I have a .jpg containing an image of a table which I am attempting to extract to Excel, using Python.
I am following an example from here:
I have hit a problem though, where the horizontal rows are not being identified. In the source image (above) you can see that the horizontal rows are much lighter than the vertical columns, but they are visible in the source and I believe they should still be detected.
I have altered the cv2.threshold value almost every way I can think of, but still this has no affect on the returned image (see below):
- thresh, img_bin = cv2.threshold(img, 128, 255, cv2.THRESH_BINARY | cv2.THRESH_OTSU)
- thresh, img_bin = cv2.threshold(img, 0, 256, cv2.THRESH_BINARY | cv2.THRESH_OTSU)
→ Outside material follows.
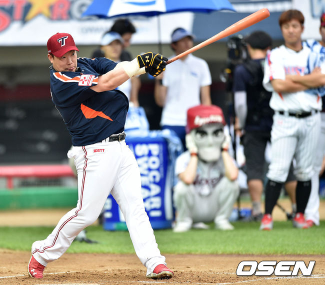 18일 오후 광주 광주-기아 챔피언스 필드에서 열리는 '2014 한국야쿠르트 세븐 프로야구 올스타전'에 앞서 서군 나지완이 홈런왕 대회에서 타격을 하고 있다.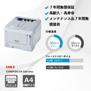 プリンターのみをラインナップしており、全体的な価格も複合機と比べて安価のため導入がしやすいです。また高い耐久性を誇るだけでなく、長期の無償保証によりメンテナンスコストが低く抑えられることも他社にはない強みとなっています。

Results in the same image:
import cv2
import numpy as np
import pandas as pd
import matplotlib.pyplot as plt
import csv
try:
from PIL import Image
except ImportError:
import Image
import pytesseract
# read your file
file = r'venv/images/iiCrop.jpg'
img = cv2.imread(file, 0)
img.shape
# thresholding the image to a binary image
thresh, img_bin = cv2.threshold(img, 128, 255, cv2.THRESH_BINARY | cv2.THRESH_OTSU)
# inverting the image
img_bin = 255 - img_bin
cv2.imwrite('venv/images/cv_inverted.png', img_bin)
# Plotting the image to see the output
plotting = plt.imshow(img_bin, cmap='gray')
plt.show()
Is there something obvious, or not so obvious I am doing wrong?